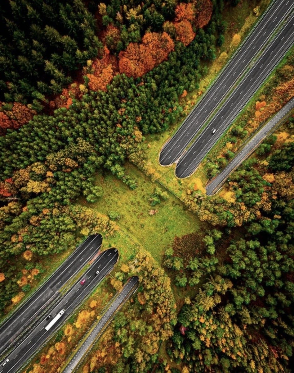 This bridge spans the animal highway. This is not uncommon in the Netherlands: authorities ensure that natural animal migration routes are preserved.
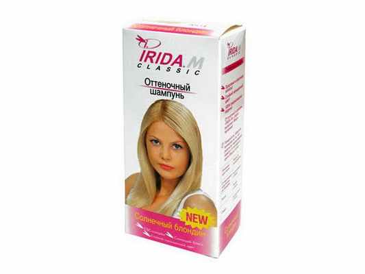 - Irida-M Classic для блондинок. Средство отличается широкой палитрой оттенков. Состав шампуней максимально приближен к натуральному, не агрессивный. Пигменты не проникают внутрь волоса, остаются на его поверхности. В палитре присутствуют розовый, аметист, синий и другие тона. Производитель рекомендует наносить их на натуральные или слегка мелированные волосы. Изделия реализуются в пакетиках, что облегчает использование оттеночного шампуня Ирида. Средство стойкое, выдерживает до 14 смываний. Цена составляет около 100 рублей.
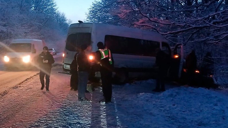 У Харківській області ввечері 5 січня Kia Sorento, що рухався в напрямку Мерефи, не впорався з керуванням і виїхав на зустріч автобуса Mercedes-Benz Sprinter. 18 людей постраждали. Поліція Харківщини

---

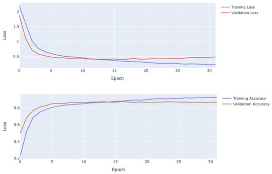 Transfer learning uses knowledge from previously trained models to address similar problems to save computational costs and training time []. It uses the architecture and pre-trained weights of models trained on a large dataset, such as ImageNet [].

--

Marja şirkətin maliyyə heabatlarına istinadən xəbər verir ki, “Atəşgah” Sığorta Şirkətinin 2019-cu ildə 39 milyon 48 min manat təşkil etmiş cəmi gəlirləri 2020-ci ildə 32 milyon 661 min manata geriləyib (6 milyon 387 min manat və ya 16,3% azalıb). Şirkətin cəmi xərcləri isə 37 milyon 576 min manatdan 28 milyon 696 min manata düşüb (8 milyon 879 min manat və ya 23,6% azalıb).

- [EXERCISE] From the records above, extract the lines from the one holding "- Irida-M Classic" through the one holding "У Харківській області", word for word; omit the pictures.

- [EXERCISE RESPONSE]
 - Irida-M Classic для блондинок. Средство отличается широкой палитрой оттенков. Состав шампуней максимально приближен к натуральному, не агрессивный. Пигменты не проникают внутрь волоса, остаются на его поверхности. В палитре присутствуют розовый, аметист, синий и другие тона. Производитель рекомендует наносить их на натуральные или слегка мелированные волосы. Изделия реализуются в пакетиках, что облегчает использование оттеночного шампуня Ирида. Средство стойкое, выдерживает до 14 смываний. Цена составляет около 100 рублей.
 У Харківській області ввечері 5 січня Kia Sorento, що рухався в напрямку Мерефи, не впорався з керуванням і виїхав на зустріч автобуса Mercedes-Benz Sprinter. 18 людей постраждали. Поліція Харківщини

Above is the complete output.